Ein junger Kollege fasste die Ergebnisse zusammen. »Die Mediziner haben einen hohen Wert an THC im Blut des Verstorbenen gefunden. Sie gehen davon aus, dass er unter erheblichem Marihuanaeinfluss nicht rechtzeitig reagieren konnte, von der Säge erfasst wurde und so verstarb. Eine Fremdeinwirkung ließ sich unter anderem auch aufgrund der schweren Kopfverletzungen nicht feststellen. Der Staatsanwalt hat die Leiche schon wieder freigegeben.

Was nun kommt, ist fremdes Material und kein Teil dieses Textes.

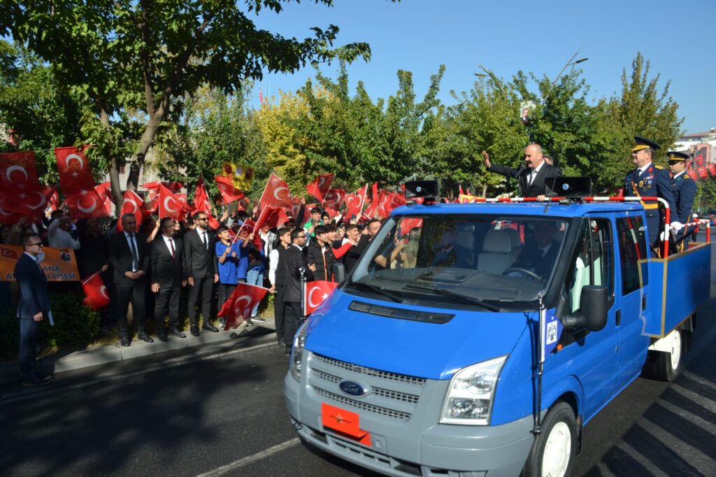 Vali Ekrem Canalp’in katılımıyla gerçekleşen kutlamalara Garnizon Komutanı Hava Tuğgeneral Mehmet Ali Koç, Cumhuriyet Başsavcısı Murat Şahingöz, askeri erkân, kurum, kuruluş ve STK temsilcileri, siyasi parti temsilcileri, şehit ve gazi yakınları, öğretmen, öğrenci ve çok sayıda vatandaş katıldı. Vali Canalp ve Garnizon Komutanı Hava Tuğgeneral Mehmet Ali Koç, tören aracıyla halkı ve askeri birlikleri selamlayıp Cumhuriyet Bayramını kutladı. Günün anlam ve önemini belirten şiirlerin okunmasının ardından konuşan Vali Canalp, “Bugün hep birlikte Cumhuriyetimizin 101. kuruluş yıldönümüne kavuşmanın gurur ve heyecanını yaşıyoruz. Milletimiz ve devletimiz sonsuza kadar yaşasın. Cumhuriyet Bayramımız hepimize kutlu olsun” dedi. Tören, öğrenciler tarafından günün anlam ve önemini belirten şiirlerin okunması, folklor gösterisi, zeybek gösterisi, karate, wushu ve judo gösterisinin ardından ödül ve geçit töreni ile sona erdi.
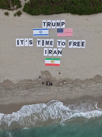 Un grupo de personas desplegó un en la playa de Miami Beach un enorme mensaje destinado a Donald Trump con la leyenda “Es hora de liberar a Irán”.
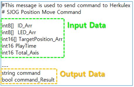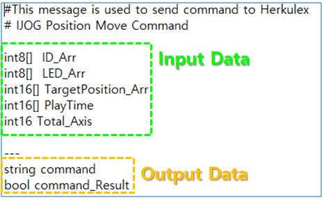 - IJOGcmd.srv: 해당 기능에서는 HerkuleX의 IJOG명령어를 이용하여, 여러 개의 HerkuleX에 속도 지정이 개별로 지정하여 동시에 위치제어가능.
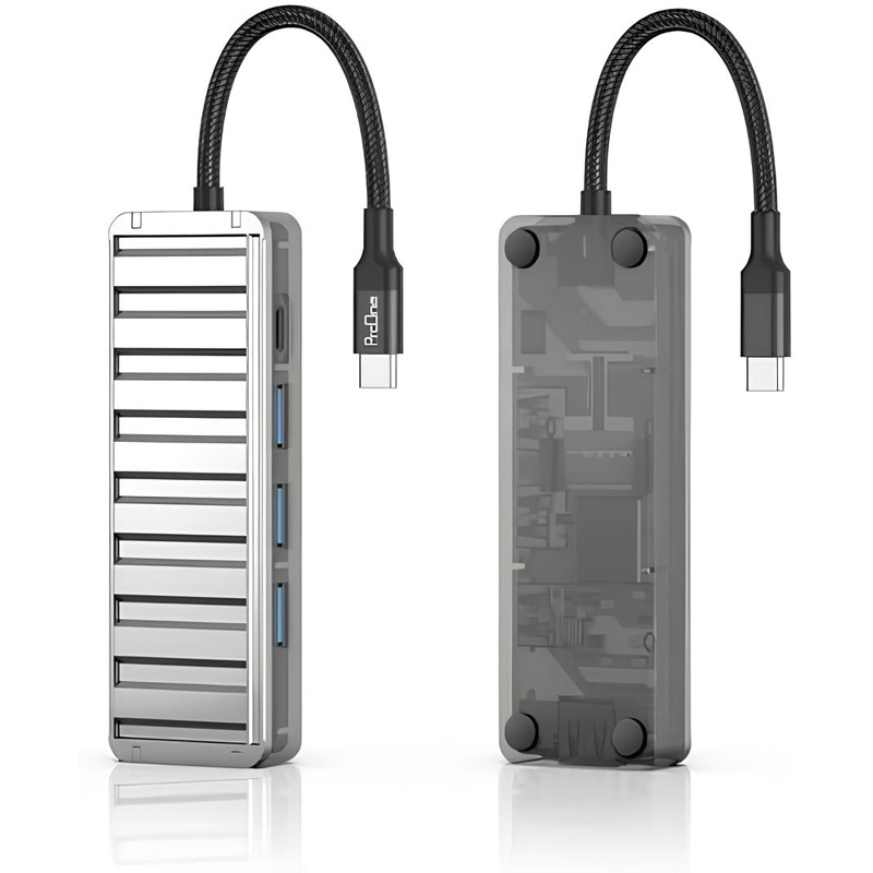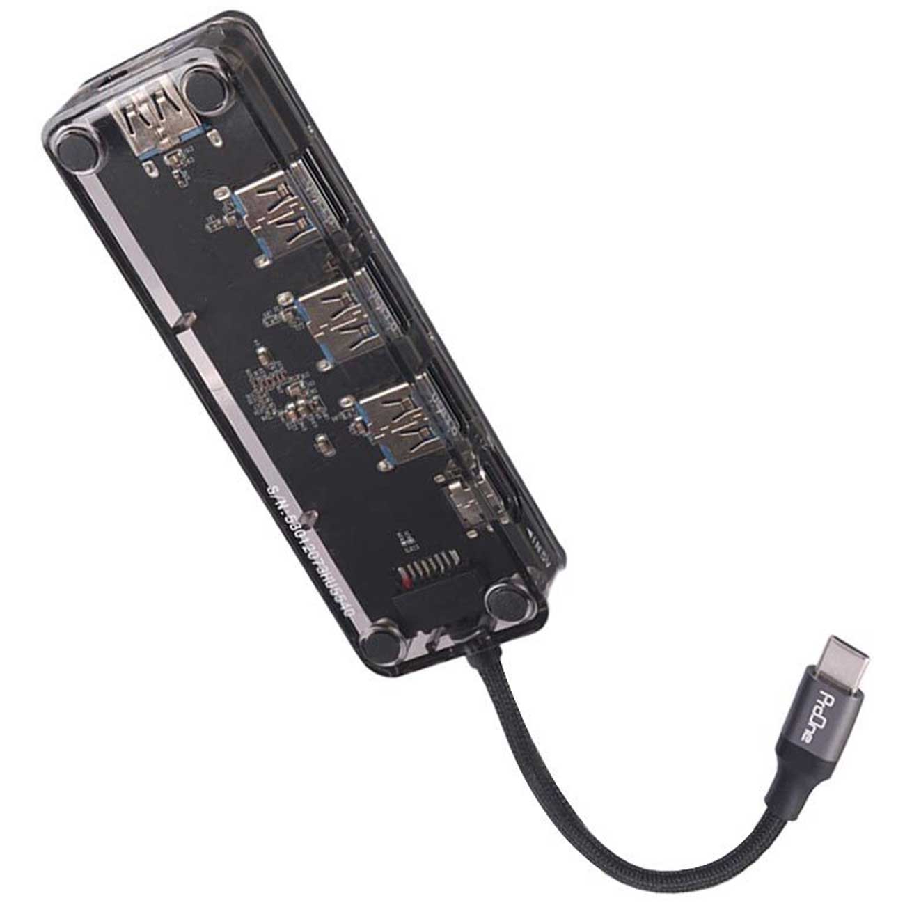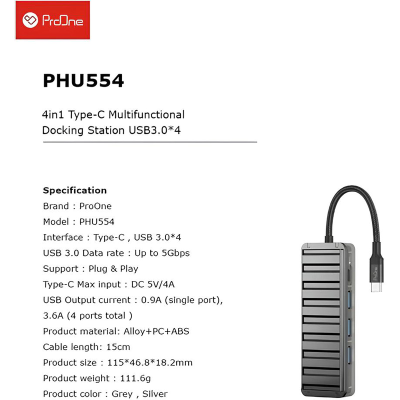 هاب ها به عنوان بهترین گزینه ها در زمان کمبود درگاه های ارتباطی و برای افزایش توان اتصال لوازم جانبی به کامپیوتر و لپ تاب ها روانه بازار شدند. این دستگاه در انواع مختلفی با درگاه های متفاوت تولید و روانه بازار شده؛ اما چیزی که بین همه مشترک است توانایی افزایش دسترسی به پورت محدود ورودی از طریق افزایش تعداد آن هاست. هاب ProOne PHU554 قادر است یک درگاه USB-C را به 3 درگاه USB-A نسخه 3.0 به همراه یک پورت USB Type-C ارتقاء دهد.
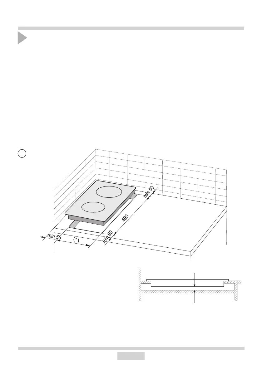 ● Ensure minimum clearance of 25 mm below the hob to allow proper air circulation and
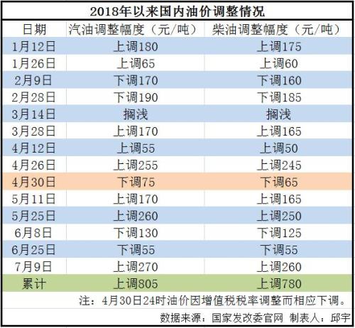 據(jù)國家發(fā)改委通知,自7月9日24時起,國內(nèi)汽油價格每噸上調(diào)270元,柴油價格每噸上調(diào)260元。
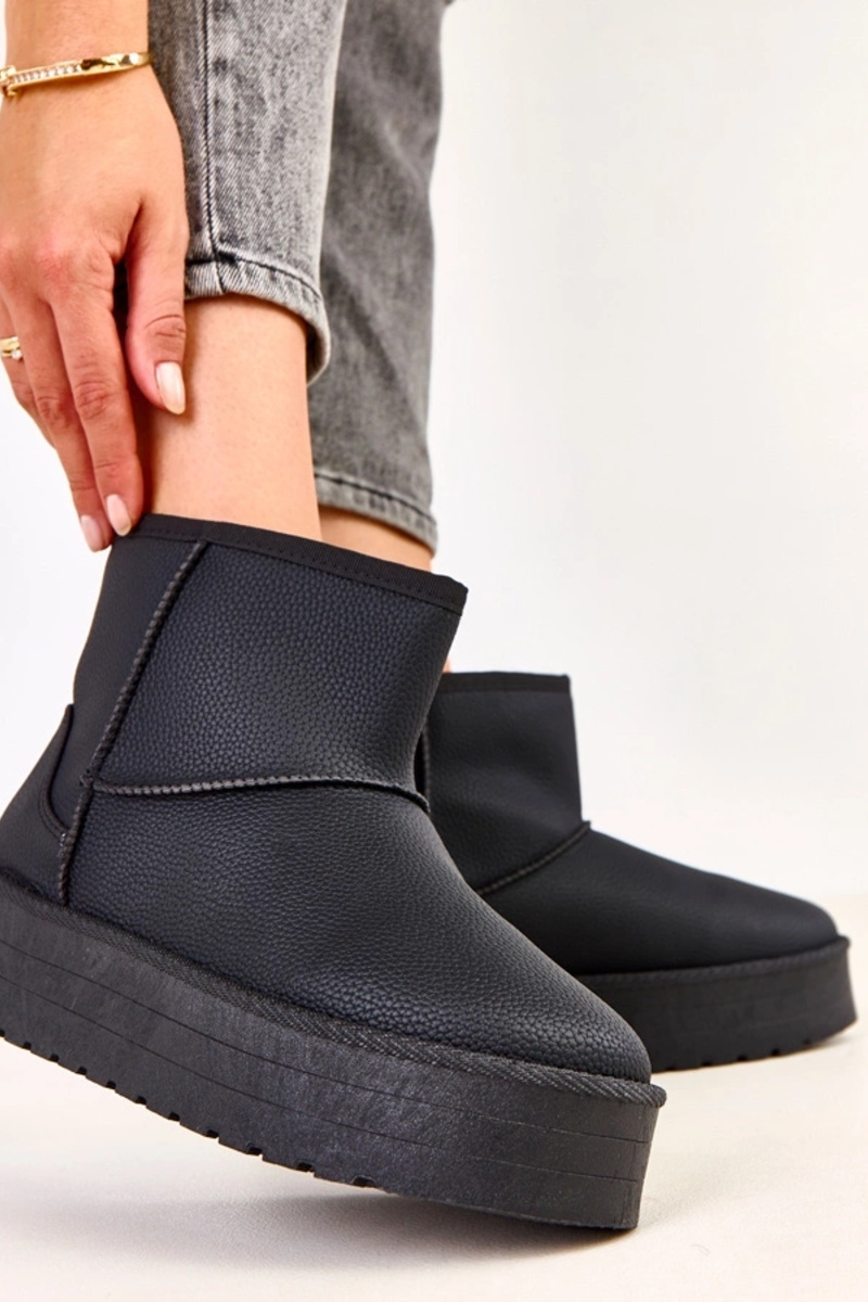 Zwarte lage sneeuwlaarzen met platform van kunstleer, Reinol

Der Mann von der Berufsgenossenschaft bestätigt die Vermutung. Für uns ist der Fall abgeschlossen.«
Quercher schüttelte unmerklich den Kopf.
Das war alles zu einfach. Aber er konnte unmöglich seine weichen Thesen ausbreiten. Ein Hund, der möglicherweise gequält und bewegungslos gemacht wurde. Eine Holzarbeit, für die die Kreissäge nicht benötigt wurde. Bislang war alles nur Spekulation, alles war auf Vermutungen aufgebaut. Er hatte nichts in der Hand. Ihm blieb jetzt nur noch eins: Er musste seine Verdächtigen, die Hintermänner, aus der Reserve locken, sie Fehler machen lassen. Den Birmoser-Fall konne er nur auf Umwegen lösen. Er musste von hinten anfangen, um nach vorn zu dem toten Schreiner zu gelangen. Das glich einem Ritt über den Bodensee. Aber es war seine einzige Chance.
Quercher nickte und verabschiedete sich von den drei Männern.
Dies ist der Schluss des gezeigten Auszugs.